TASK DETAILS - Output the lines from the top of the entries below to the line with "Bossen kom till", both included, exactly and without pictures.

(Stored dataset items)
+---+

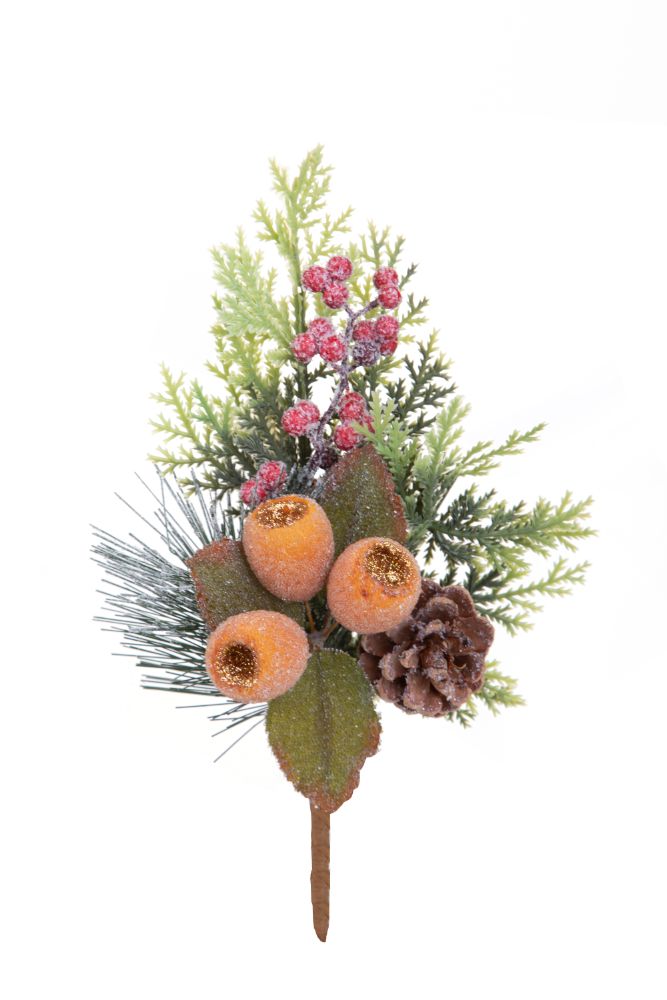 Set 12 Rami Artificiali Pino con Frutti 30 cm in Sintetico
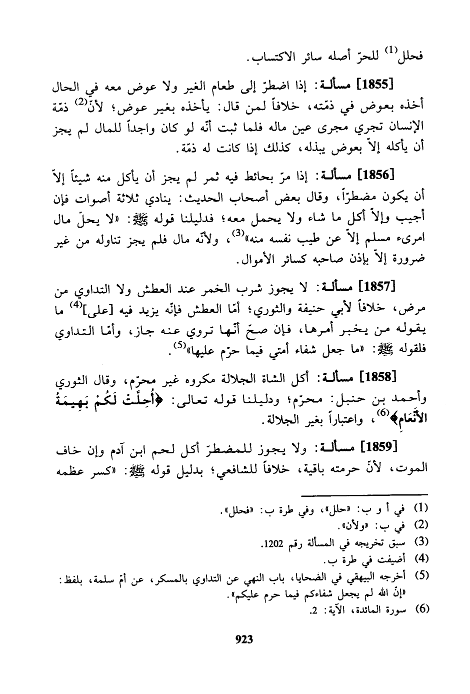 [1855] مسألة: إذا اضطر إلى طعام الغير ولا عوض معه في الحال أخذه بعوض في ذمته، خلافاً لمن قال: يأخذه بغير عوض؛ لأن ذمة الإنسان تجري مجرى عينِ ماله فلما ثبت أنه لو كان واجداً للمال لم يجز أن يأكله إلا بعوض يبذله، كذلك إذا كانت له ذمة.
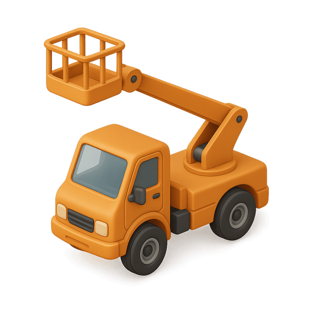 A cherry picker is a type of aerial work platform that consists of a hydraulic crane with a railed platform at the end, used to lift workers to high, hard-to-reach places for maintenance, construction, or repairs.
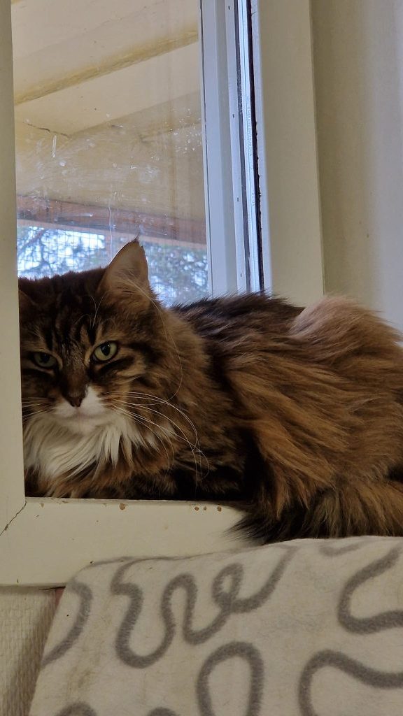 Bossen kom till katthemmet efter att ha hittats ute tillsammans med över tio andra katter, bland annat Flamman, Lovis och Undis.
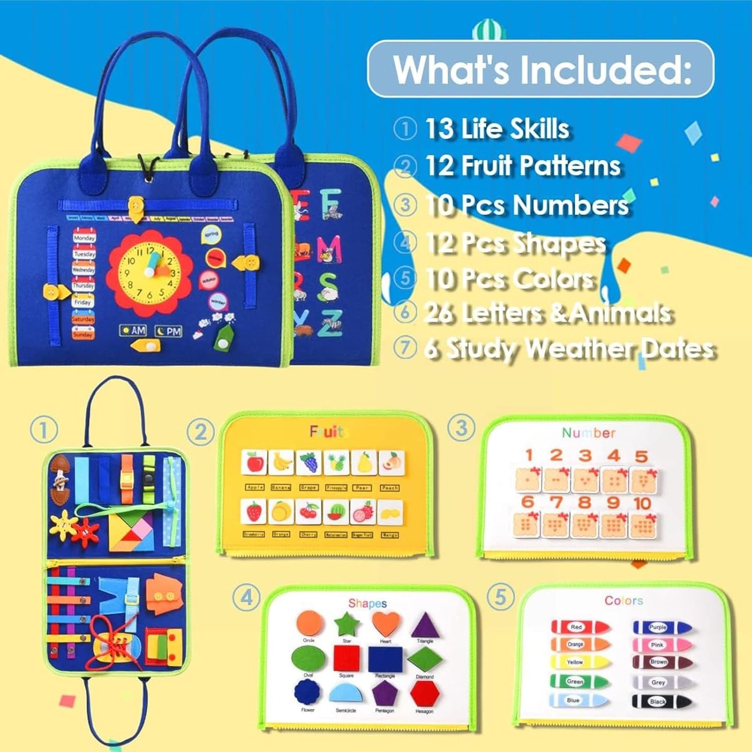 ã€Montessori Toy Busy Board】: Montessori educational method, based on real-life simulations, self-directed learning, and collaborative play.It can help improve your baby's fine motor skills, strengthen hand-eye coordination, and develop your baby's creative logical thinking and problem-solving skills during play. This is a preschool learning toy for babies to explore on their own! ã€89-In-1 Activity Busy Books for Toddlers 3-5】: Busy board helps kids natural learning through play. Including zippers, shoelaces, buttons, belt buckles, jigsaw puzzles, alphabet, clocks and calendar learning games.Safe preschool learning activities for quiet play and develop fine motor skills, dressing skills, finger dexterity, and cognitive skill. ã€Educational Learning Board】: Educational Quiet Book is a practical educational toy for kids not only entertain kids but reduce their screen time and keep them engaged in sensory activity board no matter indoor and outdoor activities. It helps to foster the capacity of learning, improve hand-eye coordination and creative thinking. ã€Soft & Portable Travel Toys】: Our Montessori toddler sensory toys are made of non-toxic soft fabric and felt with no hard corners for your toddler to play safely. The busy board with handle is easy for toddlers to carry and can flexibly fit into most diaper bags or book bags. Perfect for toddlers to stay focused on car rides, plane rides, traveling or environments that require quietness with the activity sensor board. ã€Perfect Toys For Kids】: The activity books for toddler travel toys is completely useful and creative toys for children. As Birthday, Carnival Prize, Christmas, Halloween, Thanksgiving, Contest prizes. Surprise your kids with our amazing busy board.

+---+

SOLUTION TO THIS PROBLEM -
 Set 12 Rami Artificiali Pino con Frutti 30 cm in Sintetico
 [1855] مسألة: إذا اضطر إلى طعام الغير ولا عوض معه في الحال أخذه بعوض في ذمته، خلافاً لمن قال: يأخذه بغير عوض؛ لأن ذمة الإنسان تجري مجرى عينِ ماله فلما ثبت أنه لو كان واجداً للمال لم يجز أن يأكله إلا بعوض يبذله، كذلك إذا كانت له ذمة.
 A cherry picker is a type of aerial work platform that consists of a hydraulic crane with a railed platform at the end, used to lift workers to high, hard-to-reach places for maintenance, construction, or repairs.
 Bossen kom till katthemmet efter att ha hittats ute tillsammans med över tio andra katter, bland annat Flamman, Lovis och Undis.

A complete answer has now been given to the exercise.